4. Discussion and Conclusions
In this research, the nature-inspired optimization methods used for swarm controls and the communication methods within and between the swarms are emphasized. Thus, the problems encountered in swarm robotic behaviors can be overcome using these above-mentioned problem-solving methods found among living creatures in nature.
In this study, the optimization and communication design problems that can be experienced during the realization of the movements of swarm robotics are stated. Using several different algorithms instead of using only one for swarm control yields a better solution to the problems emerging in swarm robotic design. Some methods were suggested suitable for swarm robotics architecture using different approaches to some classical optimization methods such as PSO.
It is concluded that the use of heterogeneous communities which are also based on swarm robotics can clearly increase the swarm’s success. In nature, there are many examples of this phenomenon. The presence of individuals with different duties in the same environment in bee and ant colonies is a good case. In addition, the swarm can be formed from individuals who have different tasks with the same purpose, in order to have a robust structure, better control, and fast communication.

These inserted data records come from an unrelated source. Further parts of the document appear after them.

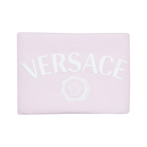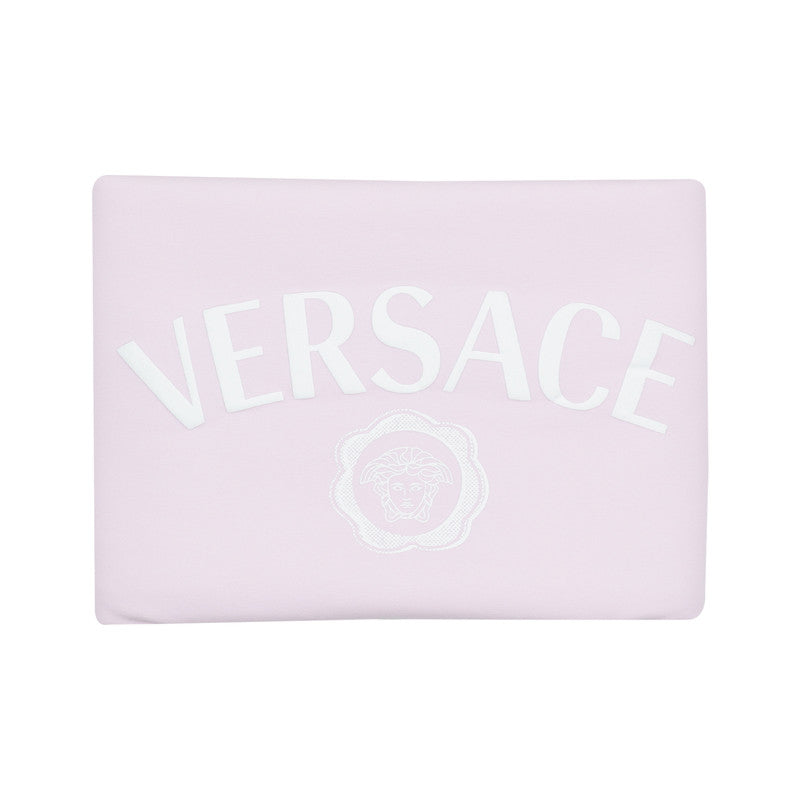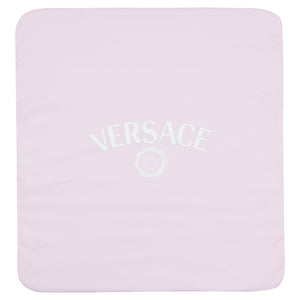 This pale pink and ivory blanket for baby girls by Italian designer Versace, combines comfort with luxury style. Made in soft cotton jersey and lightly padded for warmth, it is ideal for use in the pram and when out and about. The front features a raised white logo and signature Medusa, whilst the back is plain ivory.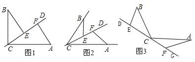 (2)如圖3,若直線CD經(jīng)過∠BCA的外部,∠α=∠BCA,請?zhí)岢?/span>EF,BE,AF三條線段數(shù)量關(guān)系的合理猜想:(不要求證明).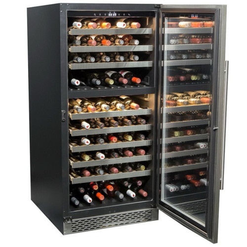 Винный шкаф Cavanova CV120DT оборудован компрессорной системой охлаждения, за счет чего значительно снижено потребление электроэнергии и расширен диапазон поддерживаемых температур. Встраиваемый шкаф в любую нишу, также возможно использовать как отдельно стоящий. Данная модель оснащена выдвижными деревянными полками, что облегчает доступ к бутылкам. Рассчитан на хранение до 102 бутылок типа бордо. Дверца шкафа выполнена из тонированного стекла с защитой от УФ лучей в рамке серебрянного цвета. Регулируемый температурный режим в каждой камере от +5°C до +20°C позволяет хранить белые, красные вина раздельно. Удобная сенсорная панель управления и циферблат расположены внутри за дверцей шкафа.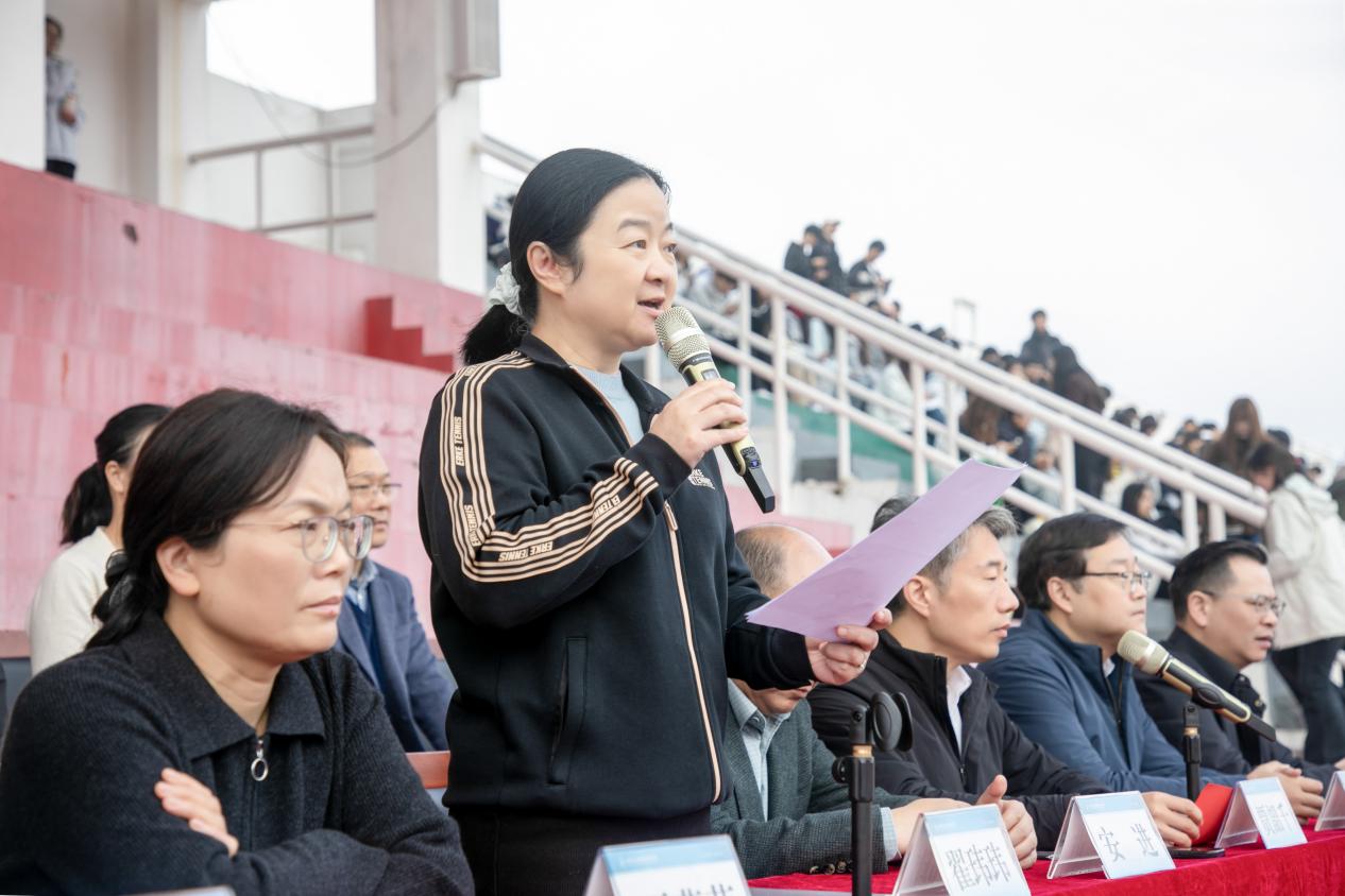 翟玮玮书记代表学校向运动会的顺利召开表示热烈祝贺。她指出,今年扎根江苏大地、凝聚奋斗力量的“苏超精神”,为胜游娱乐体育文化建设注入了鲜活动力。胜游娱乐始终坚守“为党育人、为国育才”的初心使命,将体育作为立德树人的重要载体。各学院以身作则、带头锻炼,推动学生体质测试成绩稳步提升。她期待,学生运动员以苏超健儿为榜样,践行“更快、更高、更强”的奥林匹克精神;教工健儿们以稳健斗志参赛,展现师者风采并带动师生热爱运动;全体师生通过团体活动凝聚力量,绘就团结和谐、积极向上的校园画卷。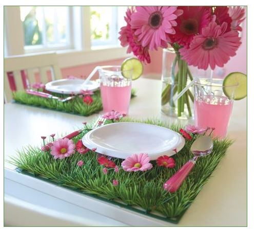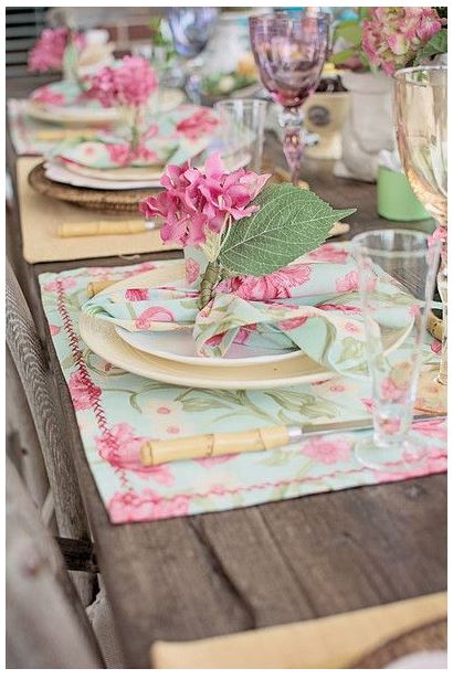 Iskoristite šarenu traku ili nekoliko šarenih vrpci koje ćete smjestiti usred stola. Uz to će vam biti dovoljna lijepa vaza sa šarenim cvijećem i jednostavan pribor. Ili pod tanjure možete postaviti šarene ubruse.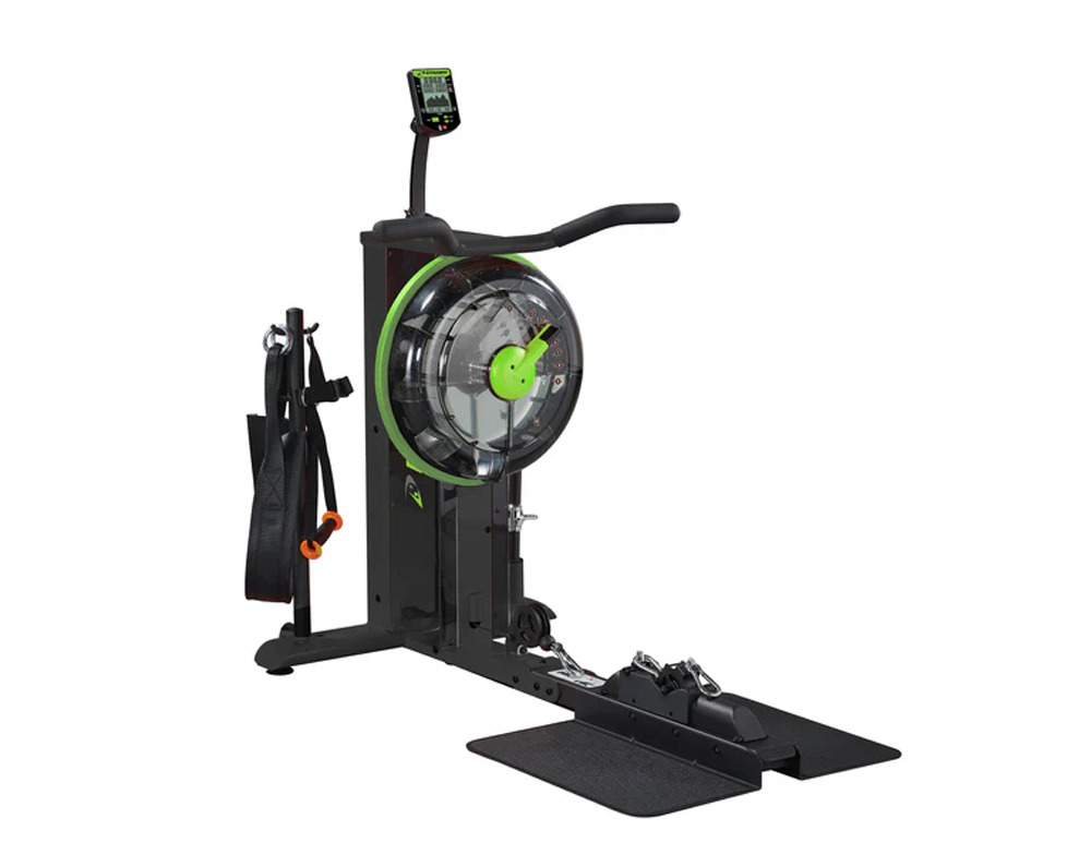 Allow water to create a natural resistance and soothing sound to rowing.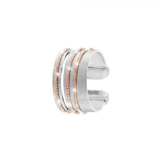 Anello Stroili Oro in Metallo Oro Rosa e Cristalli a Forma di Very well made.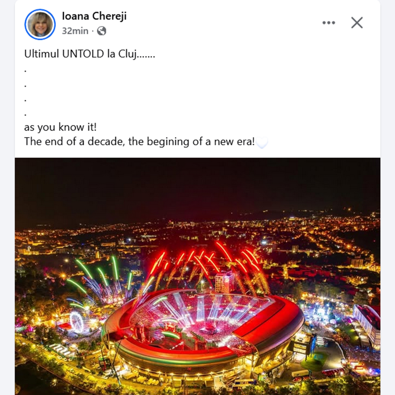 Marți seara, Ioana Chereji, directorul de comunicare al Festivalului Untold a făcut un anunț șocant. Anunț șoc.

Although the homogenous employment of individuals is essential and a designed coordinator is less often suggested in the distributed control architecture used in swarm robotics, some individuals designed with different purpose from the same swarm can be selected to act as coordinators to improve this common situation. When necessary, this individual’s duty can be exchanged with that of another individual. This approach will help to eliminate the requirement of creating individuals with different architectures and remove the need to search for the replacement of an individual that may be disabled for some reason in a group. The swarm designed in thimanner will be a great team that makes decisions on its own, provides high cooperation within itself, has strong coordination, does not have problems in adding or subtracting individuals, and adapts quickly to task changes. When required, the idea of dividing the swarm into parts and combining them for a single task will speed up the inter-communication and will also be more effective in accomplishing the task by sending or recruiting a team from within the swarm to the other swarm.
In future works, it is planned to interpret and optimize the simulation data with deep learning and optimization algorithms. Afterwards, it is planned to create a swarm robot application in a virtual environment to perform the pre-defined tasks. The results and experience obtained from this will be transferred to the designs in the real environment. Smart agriculture applications are good candidate for the next stage of this study.